Corro o risco de contrariar um entendimento generalizado, mas problemas complexos e tabus exigem de nós conversas abertas e que ofereçam uma saída possível para a crise de saúde mental que vivemos. É com essa intenção que trato aqui do tema burnout.
Todo o mundo tem seus problemas, e muitas dessas batalhas podem estar relacionadas à nossa atividade profissional, até porque não existe local de trabalho perfeito nesse mundo. Mas resumir o burnout ao excesso de produção me parece uma saída simplista para um tema de tamanha profundidade. É por isso que entendo o burnout como uma consequência imediata do colapso de todo um sistema de crenças. Ele é resultado de um propósito distorcido: quando aquilo que chamamos de “vocação” se transforma em cobrança silenciosa. Vou explicar.
Em geral, as pessoas que conheci e que reportaram burnout têm duas características em comum: são super trabalhadoras e assumem voluntariamente a responsabilidade por algo que consideram grande. Escolhem o maior fardo que conseguem carregar e se propõem a fazê-lo em prol do desenvolvimento pessoal e profissional. Para elas, essa vocação significa o fortalecimento de seu caráter; não há outra escolha. E essa premissa é um erro.
O problema maior acontece quando a busca por realização no trabalho está ancorada na aceitação e validação externas. Na obediência e na conformidade. É nessa hora que a liberdade é substituída pela recompensa - ou pela punição. Assim, esse mesmo indivíduo, antes bastante solícito, perde a vontade, a potência e a sua força de criação.
Vejo um paralelo entre o que denominamos burnout com o que Nietzsche chamou de escravidão moral. Ou seja, uma prisão do prazer que se tem em saber que não pode ser substituído. Em última instância, o burnout acontece sempre que uma pessoa perde o contato com o inefável - “aquilo que não pode ser explicado nem medido, mas que dá sentido à nossa existência”, pela definição da palavra.
Quando o burnout acontece, eu entendo a ação de buscar a ajuda do chefe, ou de qualquer outra pessoa em quem confiamos. É da nossa natureza buscar explicação e solução fora de nós. Mas temos que considerar que os líderes estão expostos a um ambiente de trabalho semelhante. Afinal, dentro da empresa, as metas entre chefes e subordinados costumam ser complementares, e a cultura e a colaboração na organização são as mesmas para todos.

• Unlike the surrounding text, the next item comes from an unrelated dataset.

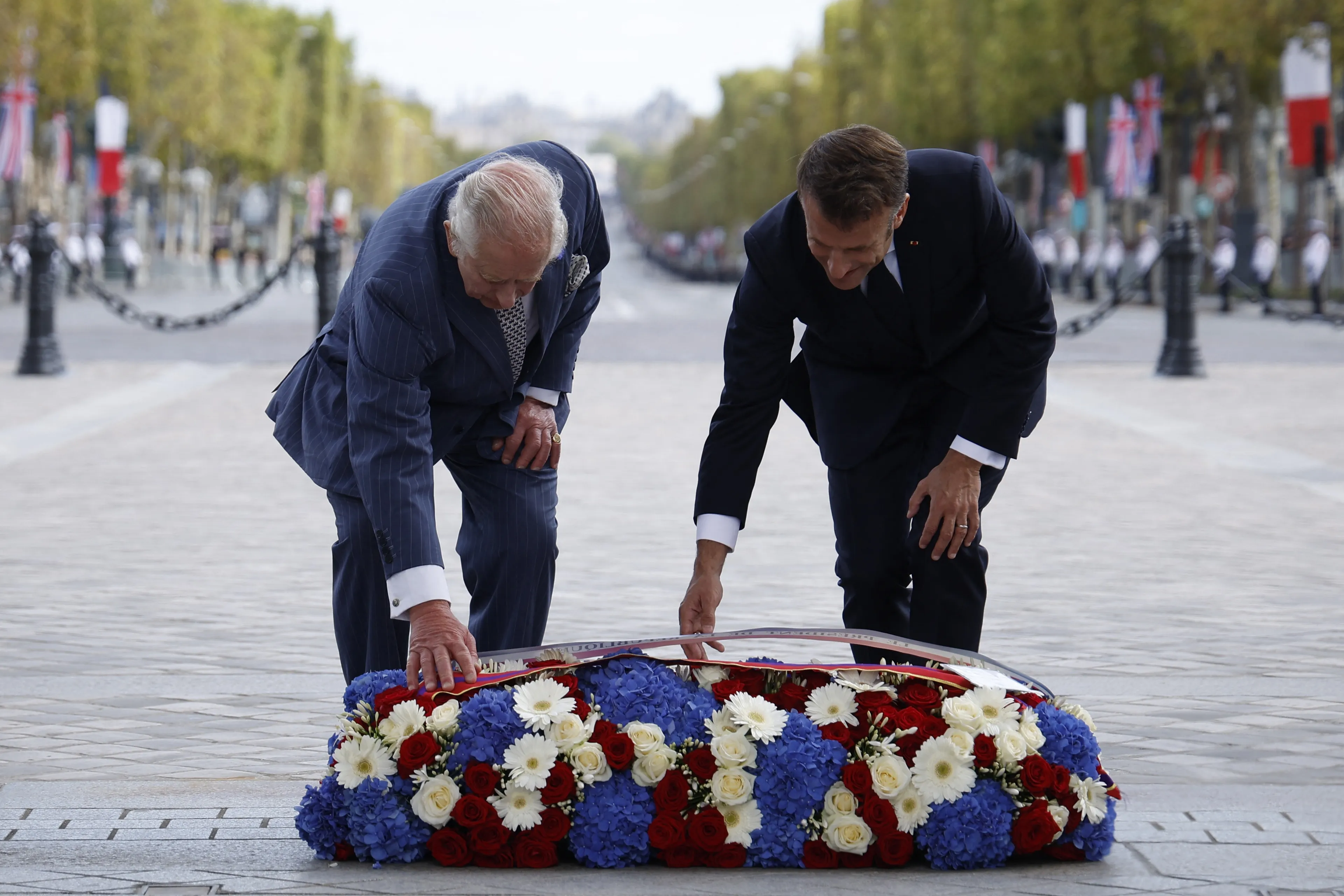 De eerste dag heeft het koninklijk paar meteen een volle agenda. Ze ontmoeten Macron en zijn vrouw Brigitte en beginnen de dag bij de Arc de Triomphe. Daar leggen Charles en de president een krans bij het graf van de onbekende soldaat.

Sei que é difícil enxergar clareza quando se está na hora mais escura, mas é olhando para dentro que se encontra a resposta. Pergunte-se sempre: “será que esse fardo que eu estou carregando é realmente meu? ”

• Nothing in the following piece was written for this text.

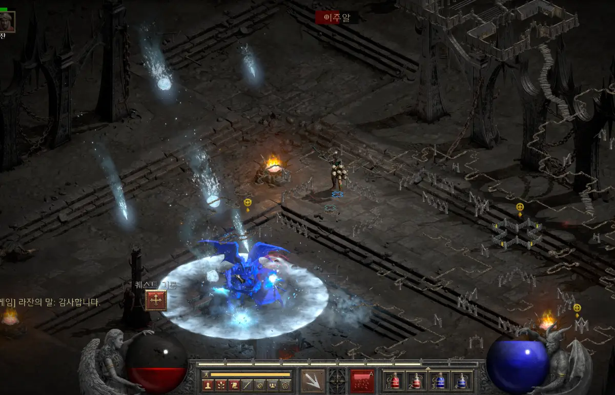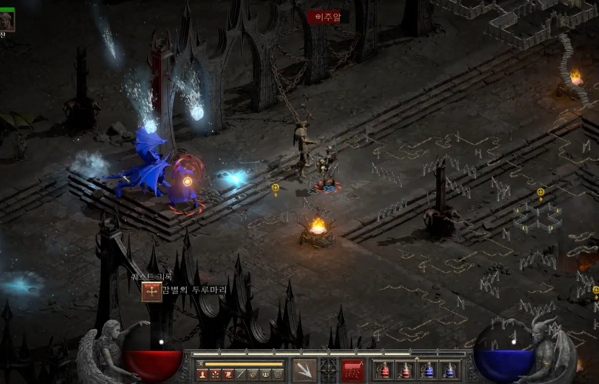 이들은 화면 밖에서 강력한 라이트닝 줄기를 발사하는데, 번개 저항력이 낮다면 순식간에 캐릭터가 누울 수 있습니다. 따라서 디아블로2 레저렉션 액트4 1 퀘스트를 진행하러 가는 길에는 번개 저항을 최대한 높이거나, 무빙을 통해 공격을 피하며 빠르게 이동하는 것이 생존의 핵심입니다.

Nossa geração, a dos nascidos entre os anos 70 e 80, é - e continuará sendo - reconhecida como a que mais trabalhou na história da humanidade. Claro que digo isso em relação a atividades de cunho mais intelectual do que manual. Mas a verdade é que temos um volume imenso de e-mails, notícias e informações que precisamos ler e responder, resultados e prazos que precisamos entregar, e dificilmente daremos conta de tudo isso. É frustrante e desperta uma culpa enorme, além de medo de não estar fazendo o que é esperado de nós.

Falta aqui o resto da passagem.